* _Material for this task_
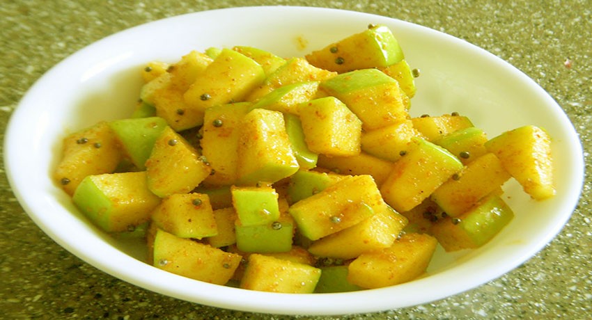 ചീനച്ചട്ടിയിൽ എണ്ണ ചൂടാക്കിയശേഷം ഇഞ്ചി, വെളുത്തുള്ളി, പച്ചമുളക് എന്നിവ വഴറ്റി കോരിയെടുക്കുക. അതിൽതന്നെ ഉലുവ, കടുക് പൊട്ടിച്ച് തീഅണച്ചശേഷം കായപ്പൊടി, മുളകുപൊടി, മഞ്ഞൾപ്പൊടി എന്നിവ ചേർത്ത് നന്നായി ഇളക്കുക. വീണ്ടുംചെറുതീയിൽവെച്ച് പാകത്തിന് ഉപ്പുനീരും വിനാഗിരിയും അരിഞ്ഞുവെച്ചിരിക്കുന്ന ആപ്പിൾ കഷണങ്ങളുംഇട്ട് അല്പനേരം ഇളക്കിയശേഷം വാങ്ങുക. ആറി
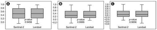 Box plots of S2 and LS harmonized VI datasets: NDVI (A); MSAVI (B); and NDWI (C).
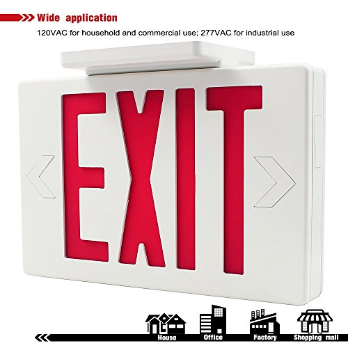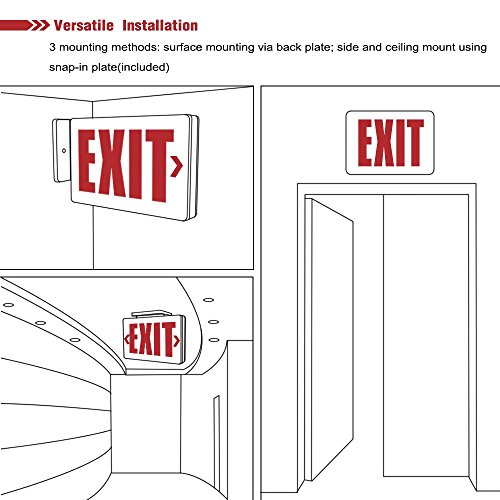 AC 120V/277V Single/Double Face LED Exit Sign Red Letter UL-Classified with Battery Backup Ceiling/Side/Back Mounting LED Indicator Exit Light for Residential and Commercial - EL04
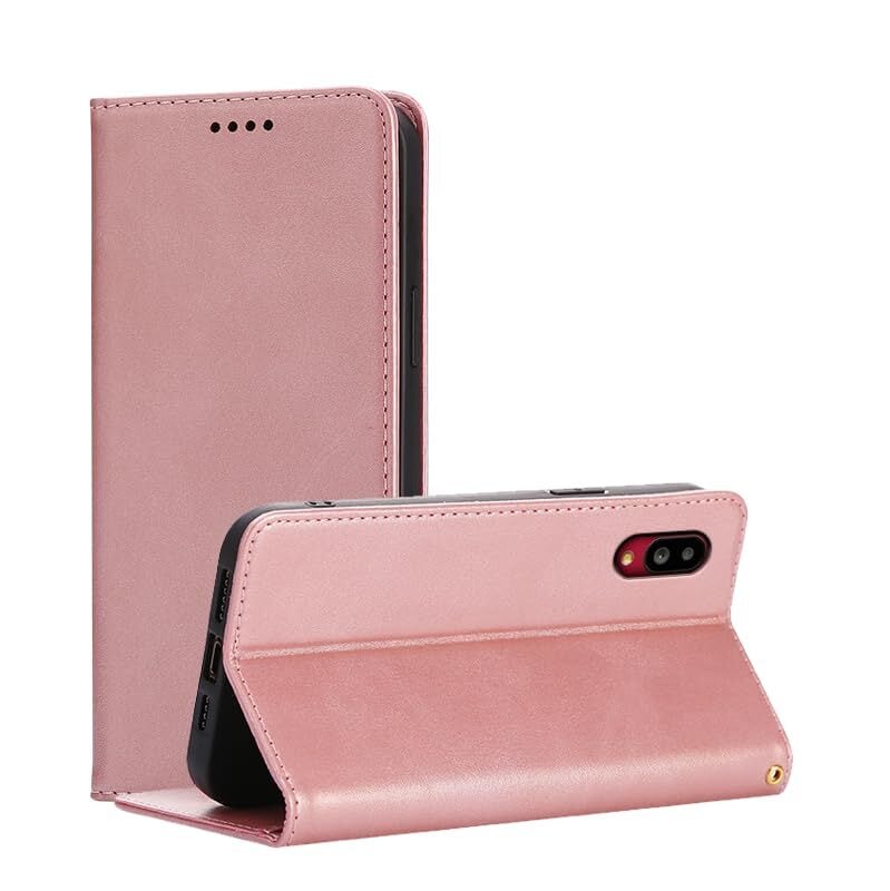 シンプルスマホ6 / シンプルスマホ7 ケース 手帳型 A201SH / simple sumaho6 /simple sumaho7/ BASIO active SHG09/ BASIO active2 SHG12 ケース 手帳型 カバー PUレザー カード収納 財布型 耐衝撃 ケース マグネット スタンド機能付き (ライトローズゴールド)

==

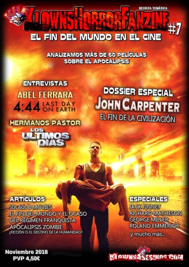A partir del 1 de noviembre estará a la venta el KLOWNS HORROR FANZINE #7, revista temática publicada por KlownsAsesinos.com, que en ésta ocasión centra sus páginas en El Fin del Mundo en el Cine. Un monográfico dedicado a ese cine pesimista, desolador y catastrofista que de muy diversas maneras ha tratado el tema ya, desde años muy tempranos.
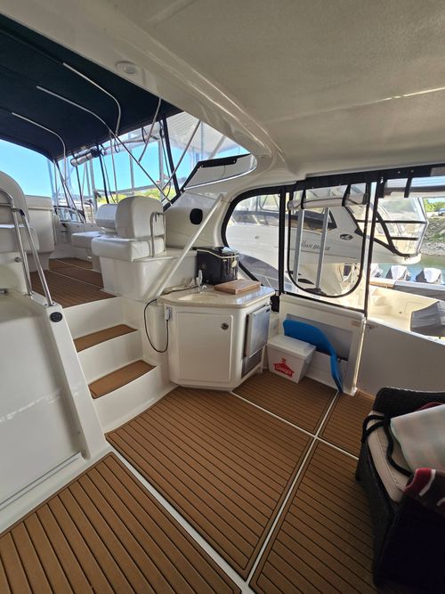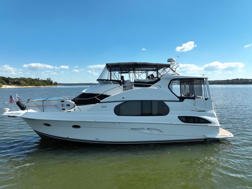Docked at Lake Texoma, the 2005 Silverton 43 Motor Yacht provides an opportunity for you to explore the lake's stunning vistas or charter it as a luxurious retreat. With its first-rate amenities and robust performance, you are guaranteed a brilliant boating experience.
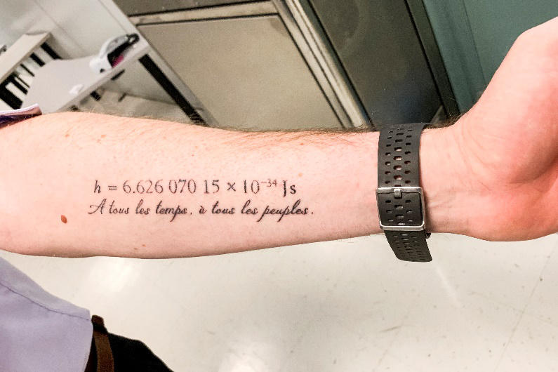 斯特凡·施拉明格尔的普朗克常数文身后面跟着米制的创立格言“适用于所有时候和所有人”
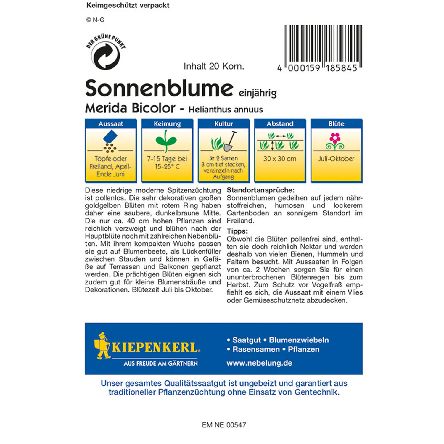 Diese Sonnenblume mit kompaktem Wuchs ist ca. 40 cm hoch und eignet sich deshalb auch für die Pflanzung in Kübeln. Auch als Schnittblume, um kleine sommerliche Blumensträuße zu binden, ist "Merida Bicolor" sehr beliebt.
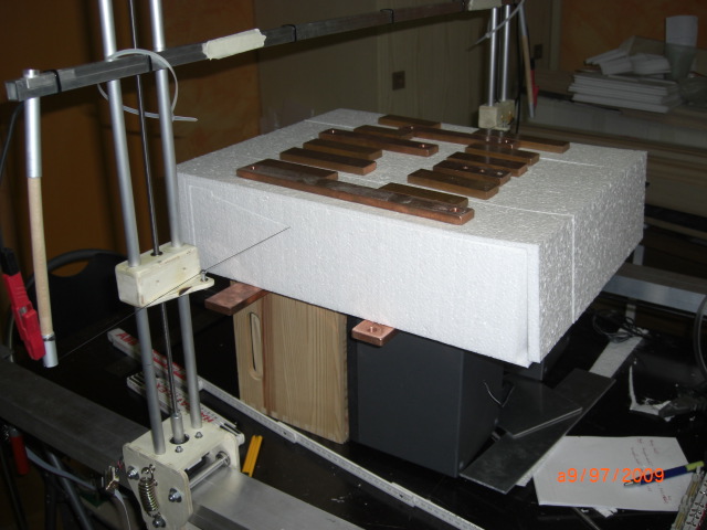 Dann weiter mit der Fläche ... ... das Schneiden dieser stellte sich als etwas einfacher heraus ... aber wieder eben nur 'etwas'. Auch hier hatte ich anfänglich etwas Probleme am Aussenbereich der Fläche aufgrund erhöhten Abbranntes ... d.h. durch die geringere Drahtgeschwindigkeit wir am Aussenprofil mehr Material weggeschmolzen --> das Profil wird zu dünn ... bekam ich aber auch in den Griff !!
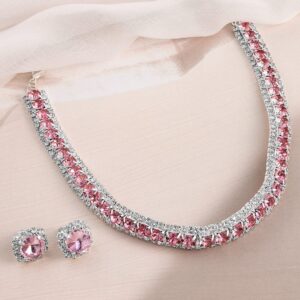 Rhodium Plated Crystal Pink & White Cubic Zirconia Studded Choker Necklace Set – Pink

* _Exercise details_
Pictures do not belong in the answer. Return the lines above starting at the one with "ചീനച്ചട്ടിയിൽ എണ്ണ ചൂടാക്കിയശേഷം" and ending at the one with "AC 120V/277V Single/Double", both kept, exactly.

* _Output of the task_
 ചീനച്ചട്ടിയിൽ എണ്ണ ചൂടാക്കിയശേഷം ഇഞ്ചി, വെളുത്തുള്ളി, പച്ചമുളക് എന്നിവ വഴറ്റി കോരിയെടുക്കുക. അതിൽതന്നെ ഉലുവ, കടുക് പൊട്ടിച്ച് തീഅണച്ചശേഷം കായപ്പൊടി, മുളകുപൊടി, മഞ്ഞൾപ്പൊടി എന്നിവ ചേർത്ത് നന്നായി ഇളക്കുക. വീണ്ടുംചെറുതീയിൽവെച്ച് പാകത്തിന് ഉപ്പുനീരും വിനാഗിരിയും അരിഞ്ഞുവെച്ചിരിക്കുന്ന ആപ്പിൾ കഷണങ്ങളുംഇട്ട് അല്പനേരം ഇളക്കിയശേഷം വാങ്ങുക. ആറി
 Box plots of S2 and LS harmonized VI datasets: NDVI (A); MSAVI (B); and NDWI (C).
 AC 120V/277V Single/Double Face LED Exit Sign Red Letter UL-Classified with Battery Backup Ceiling/Side/Back Mounting LED Indicator Exit Light for Residential and Commercial - EL04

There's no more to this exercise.